**Work request:**
In the listing beneath this line, copy exactly the lines starting with the one containing "Unique ticket style" and going on through the one containing "Una madre coge".

**Data provided:**
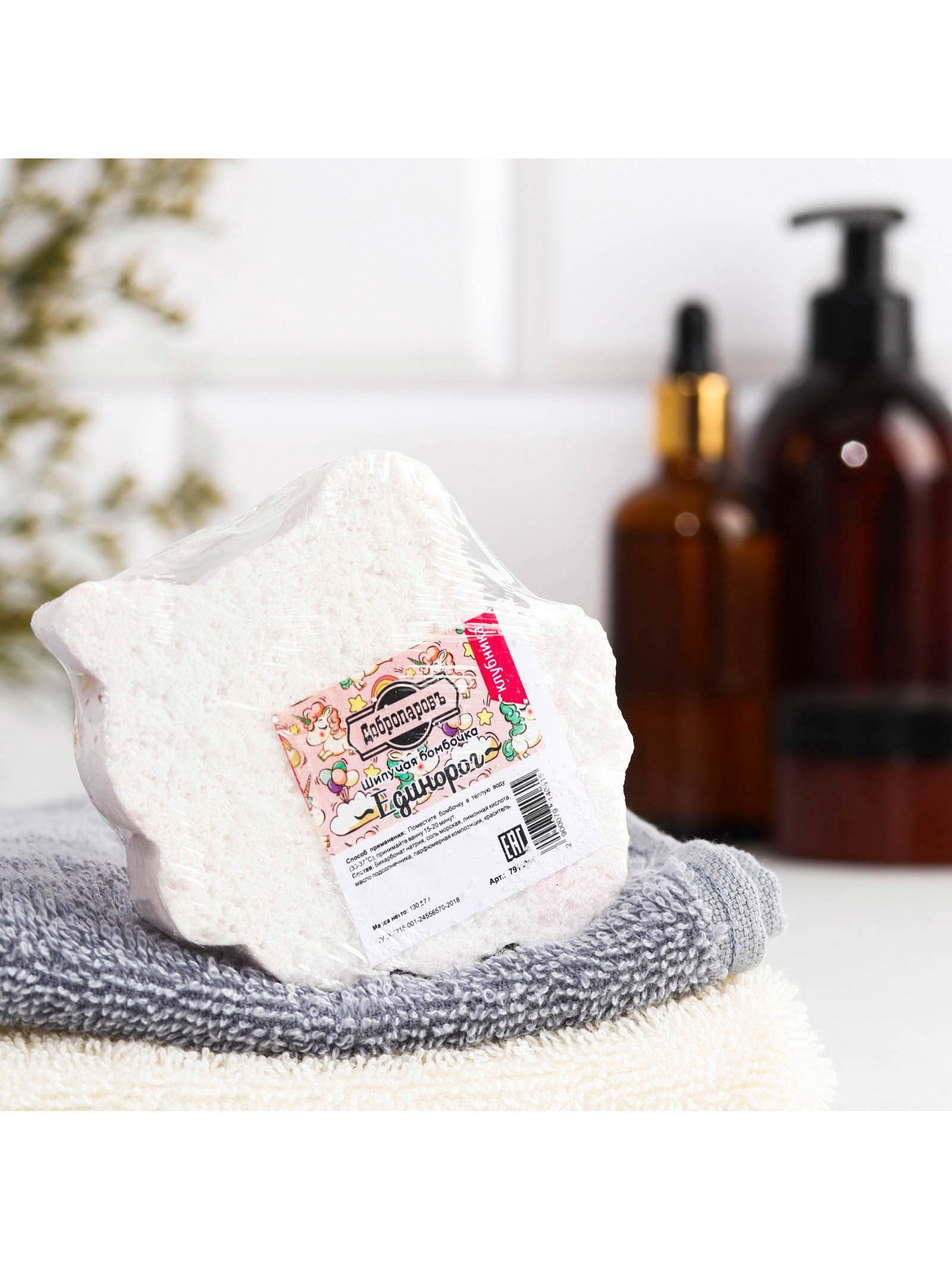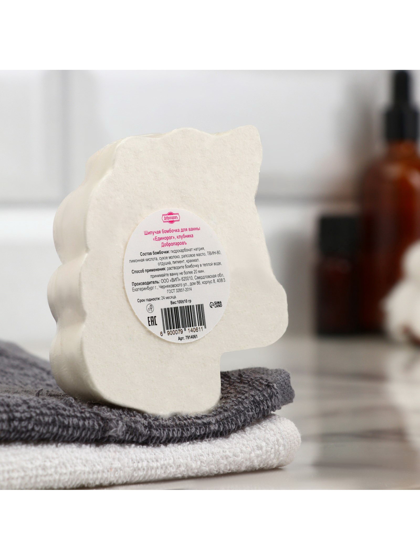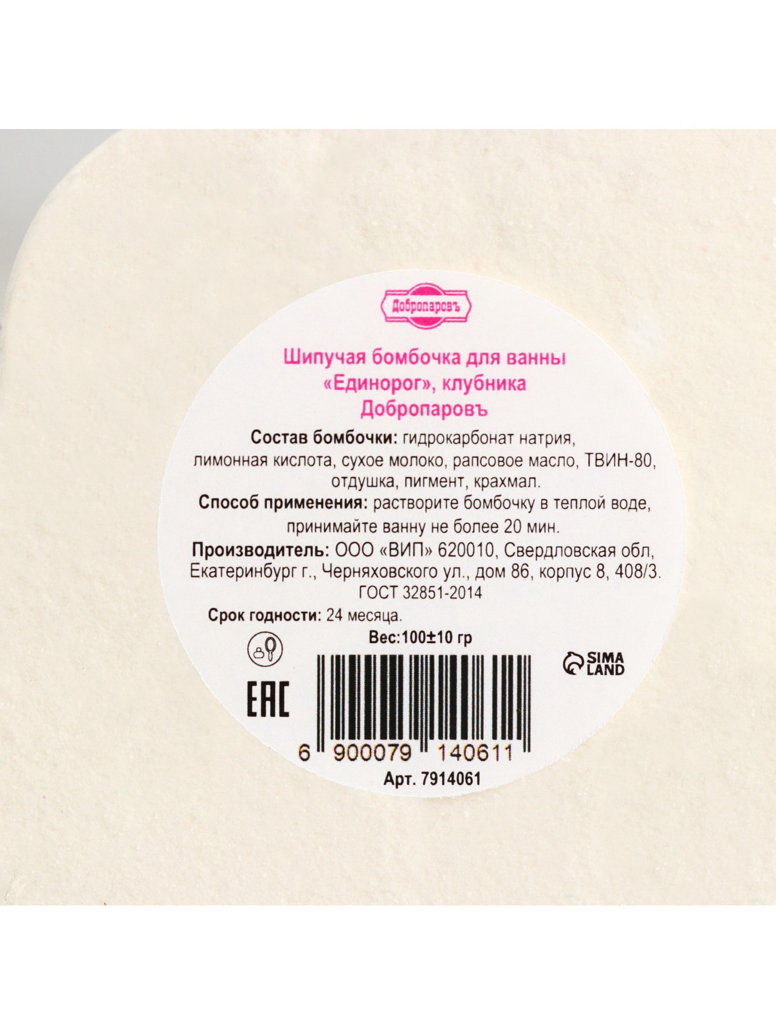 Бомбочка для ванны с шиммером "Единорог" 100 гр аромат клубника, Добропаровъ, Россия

--

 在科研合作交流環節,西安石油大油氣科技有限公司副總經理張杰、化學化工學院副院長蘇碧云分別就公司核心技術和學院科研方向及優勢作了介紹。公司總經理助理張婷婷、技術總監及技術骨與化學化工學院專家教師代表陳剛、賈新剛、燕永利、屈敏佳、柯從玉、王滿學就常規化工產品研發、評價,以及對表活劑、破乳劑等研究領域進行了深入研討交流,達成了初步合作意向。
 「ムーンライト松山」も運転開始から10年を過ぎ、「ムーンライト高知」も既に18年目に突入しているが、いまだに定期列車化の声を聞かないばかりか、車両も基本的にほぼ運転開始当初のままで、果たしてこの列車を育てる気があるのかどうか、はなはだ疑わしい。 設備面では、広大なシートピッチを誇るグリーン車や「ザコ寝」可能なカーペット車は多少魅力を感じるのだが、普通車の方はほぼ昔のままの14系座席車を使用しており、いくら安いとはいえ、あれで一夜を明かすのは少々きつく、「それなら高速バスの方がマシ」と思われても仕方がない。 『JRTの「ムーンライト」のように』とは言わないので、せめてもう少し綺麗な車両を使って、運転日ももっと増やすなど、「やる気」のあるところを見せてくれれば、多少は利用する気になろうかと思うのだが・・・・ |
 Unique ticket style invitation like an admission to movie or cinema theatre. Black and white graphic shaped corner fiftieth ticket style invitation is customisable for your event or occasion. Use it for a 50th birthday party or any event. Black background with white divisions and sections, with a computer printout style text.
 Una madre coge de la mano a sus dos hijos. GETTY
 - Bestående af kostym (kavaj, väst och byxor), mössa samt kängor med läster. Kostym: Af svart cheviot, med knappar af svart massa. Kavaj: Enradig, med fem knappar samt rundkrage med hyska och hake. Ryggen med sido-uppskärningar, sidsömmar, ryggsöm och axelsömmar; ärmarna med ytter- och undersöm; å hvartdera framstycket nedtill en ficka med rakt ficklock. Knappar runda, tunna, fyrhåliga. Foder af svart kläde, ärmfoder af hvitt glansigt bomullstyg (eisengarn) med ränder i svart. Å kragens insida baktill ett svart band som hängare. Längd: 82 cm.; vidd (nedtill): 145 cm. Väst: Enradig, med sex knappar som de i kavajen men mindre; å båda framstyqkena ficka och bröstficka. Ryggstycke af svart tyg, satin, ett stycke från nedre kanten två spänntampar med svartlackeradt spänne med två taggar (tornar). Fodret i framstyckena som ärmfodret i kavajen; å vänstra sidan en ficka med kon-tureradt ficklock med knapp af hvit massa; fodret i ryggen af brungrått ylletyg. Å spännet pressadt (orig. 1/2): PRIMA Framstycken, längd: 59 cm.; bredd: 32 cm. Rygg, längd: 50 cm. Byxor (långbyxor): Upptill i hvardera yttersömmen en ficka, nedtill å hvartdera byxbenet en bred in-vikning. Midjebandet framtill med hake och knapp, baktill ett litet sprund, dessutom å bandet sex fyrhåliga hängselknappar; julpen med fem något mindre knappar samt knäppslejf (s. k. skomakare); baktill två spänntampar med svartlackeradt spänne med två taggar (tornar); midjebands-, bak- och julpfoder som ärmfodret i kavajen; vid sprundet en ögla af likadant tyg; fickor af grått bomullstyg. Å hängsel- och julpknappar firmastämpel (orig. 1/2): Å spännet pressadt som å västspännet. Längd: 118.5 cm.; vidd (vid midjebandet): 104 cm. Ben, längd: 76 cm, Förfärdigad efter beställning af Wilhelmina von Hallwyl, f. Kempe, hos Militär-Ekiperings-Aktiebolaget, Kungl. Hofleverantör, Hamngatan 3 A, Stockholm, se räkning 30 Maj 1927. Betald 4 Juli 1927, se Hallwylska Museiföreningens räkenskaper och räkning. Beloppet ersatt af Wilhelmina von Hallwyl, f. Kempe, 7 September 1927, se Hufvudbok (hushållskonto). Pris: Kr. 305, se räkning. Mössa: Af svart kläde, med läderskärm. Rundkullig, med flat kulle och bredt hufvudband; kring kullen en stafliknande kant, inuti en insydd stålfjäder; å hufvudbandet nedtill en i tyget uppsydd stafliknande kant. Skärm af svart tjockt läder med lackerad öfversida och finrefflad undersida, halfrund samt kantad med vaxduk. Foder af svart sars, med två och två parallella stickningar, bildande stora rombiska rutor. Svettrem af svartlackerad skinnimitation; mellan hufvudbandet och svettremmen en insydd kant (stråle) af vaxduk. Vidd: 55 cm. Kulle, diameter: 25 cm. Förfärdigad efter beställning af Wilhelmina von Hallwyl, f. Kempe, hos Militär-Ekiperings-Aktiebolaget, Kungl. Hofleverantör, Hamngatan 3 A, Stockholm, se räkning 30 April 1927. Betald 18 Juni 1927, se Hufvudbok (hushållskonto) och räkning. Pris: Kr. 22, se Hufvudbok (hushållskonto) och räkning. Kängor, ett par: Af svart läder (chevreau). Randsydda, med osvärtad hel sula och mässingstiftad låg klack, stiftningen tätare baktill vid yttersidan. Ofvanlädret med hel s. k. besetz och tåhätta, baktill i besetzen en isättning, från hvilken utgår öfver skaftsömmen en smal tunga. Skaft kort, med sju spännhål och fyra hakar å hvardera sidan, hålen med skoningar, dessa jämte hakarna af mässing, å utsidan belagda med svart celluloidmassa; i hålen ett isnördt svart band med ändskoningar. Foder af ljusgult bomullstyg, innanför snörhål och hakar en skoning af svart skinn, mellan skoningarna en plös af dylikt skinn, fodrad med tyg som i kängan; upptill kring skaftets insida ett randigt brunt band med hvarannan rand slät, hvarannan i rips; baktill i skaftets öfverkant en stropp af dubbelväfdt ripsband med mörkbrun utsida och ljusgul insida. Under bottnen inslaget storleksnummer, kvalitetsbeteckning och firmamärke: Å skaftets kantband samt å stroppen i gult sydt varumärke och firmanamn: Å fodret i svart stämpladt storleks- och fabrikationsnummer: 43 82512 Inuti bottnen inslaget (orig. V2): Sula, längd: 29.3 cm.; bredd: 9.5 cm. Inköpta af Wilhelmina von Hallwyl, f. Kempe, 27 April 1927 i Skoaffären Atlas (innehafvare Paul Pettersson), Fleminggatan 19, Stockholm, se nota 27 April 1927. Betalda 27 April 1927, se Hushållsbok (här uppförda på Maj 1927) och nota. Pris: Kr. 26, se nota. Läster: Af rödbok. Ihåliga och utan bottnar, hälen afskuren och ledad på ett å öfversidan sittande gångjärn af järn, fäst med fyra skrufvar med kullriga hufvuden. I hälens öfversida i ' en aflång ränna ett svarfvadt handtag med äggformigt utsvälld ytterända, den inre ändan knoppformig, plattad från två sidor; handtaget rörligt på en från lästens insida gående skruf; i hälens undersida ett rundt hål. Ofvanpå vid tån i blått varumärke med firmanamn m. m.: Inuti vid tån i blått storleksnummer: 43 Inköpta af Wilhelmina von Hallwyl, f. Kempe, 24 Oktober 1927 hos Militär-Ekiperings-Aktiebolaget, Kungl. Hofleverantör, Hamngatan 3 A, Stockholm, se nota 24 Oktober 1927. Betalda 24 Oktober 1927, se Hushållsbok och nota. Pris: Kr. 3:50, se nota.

**Answer to this task:**
 Unique ticket style invitation like an admission to movie or cinema theatre. Black and white graphic shaped corner fiftieth ticket style invitation is customisable for your event or occasion. Use it for a 50th birthday party or any event. Black background with white divisions and sections, with a computer printout style text.
 Una madre coge de la mano a sus dos hijos. GETTY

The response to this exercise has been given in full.